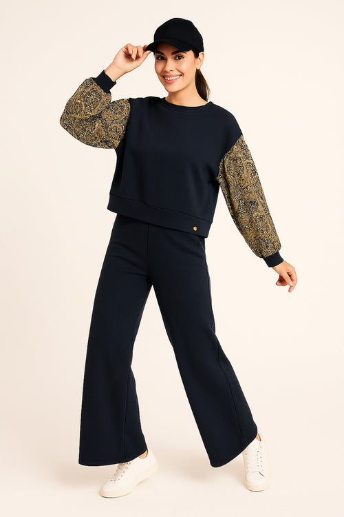 Φούτερ Σετ Με Μανίκι Ζορζέτα Μαύρο
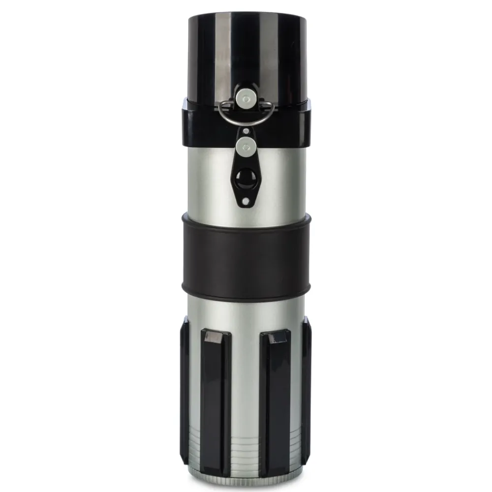Pour combattre la soif, rien de tel qu’une gourde inspirée de la garde du sabre laser de Dark Vador. Ce modèle détaillé présente un bec rouge translucide à fonctionnalité lumineuse, basé sur la couleur du sabre laser du Seigneur Sith. Il émet de vrais sons de sabre laser, et le capuchon se soulève comme la garde de celui de Dark Vador. Il y a même une dragonne amovible pour garder les mains libres.
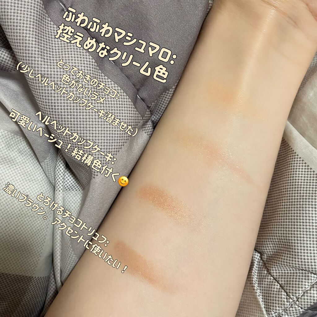 - 【数量限定商品】 まるで本物のチョコみたい!キュートなパッケージデザインに目が離せない。なめらかに彩るブラウンカラーをのせれば、心まで満たされるスイートな目元に。家族や友達、大切な人に贈りたい特別なアイシャドウパレット。 ひと塗りでムラなくまぶたに密着、しっとり濃厚に色づく高発色。 お好みのカラーを重ね使いすることで、より深みのある立体的なグラデーションが完成します。
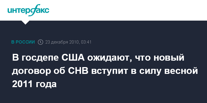 Вашингтон. 23 декабря. ИНТЕРФАКС - В Вашингтоне надеются, что российско-американский договор о дальнейшем сокращении и ограничении стратегических наступательных вооружений вступит в силу весной следующего года.
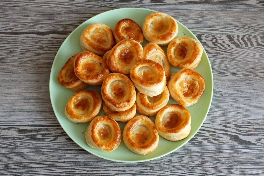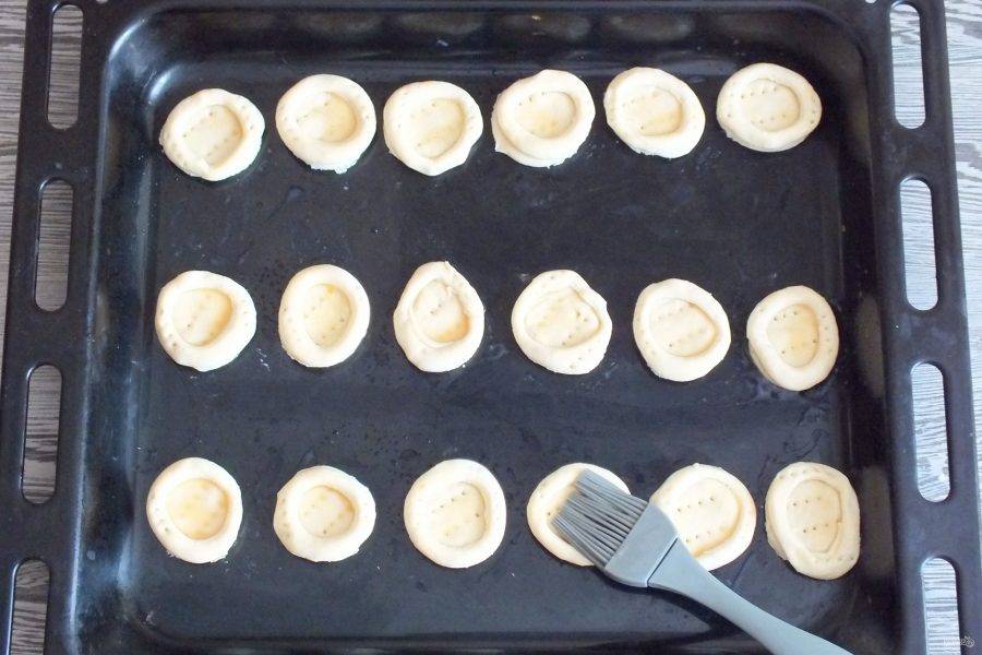 Каждую заготовку смажьте взбитым яйцом. Поставьте выпекаться в разогретую до 180 градусов духовку на 20 минут. Учитывайте особенности своей духовки.

= = = = =

Exercise goal -
Please return all of the material above exactly, minus any pictures.

Answer box -
 Φούτερ Σετ Με Μανίκι Ζορζέτα Μαύρο
Pour combattre la soif, rien de tel qu’une gourde inspirée de la garde du sabre laser de Dark Vador. Ce modèle détaillé présente un bec rouge translucide à fonctionnalité lumineuse, basé sur la couleur du sabre laser du Seigneur Sith. Il émet de vrais sons de sabre laser, et le capuchon se soulève comme la garde de celui de Dark Vador. Il y a même une dragonne amovible pour garder les mains libres.
 - 【数量限定商品】 まるで本物のチョコみたい!キュートなパッケージデザインに目が離せない。なめらかに彩るブラウンカラーをのせれば、心まで満たされるスイートな目元に。家族や友達、大切な人に贈りたい特別なアイシャドウパレット。 ひと塗りでムラなくまぶたに密着、しっとり濃厚に色づく高発色。 お好みのカラーを重ね使いすることで、より深みのある立体的なグラデーションが完成します。
 Вашингтон. 23 декабря. ИНТЕРФАКС - В Вашингтоне надеются, что российско-американский договор о дальнейшем сокращении и ограничении стратегических наступательных вооружений вступит в силу весной следующего года.
 Каждую заготовку смажьте взбитым яйцом. Поставьте выпекаться в разогретую до 180 градусов духовку на 20 минут. Учитывайте особенности своей духовки.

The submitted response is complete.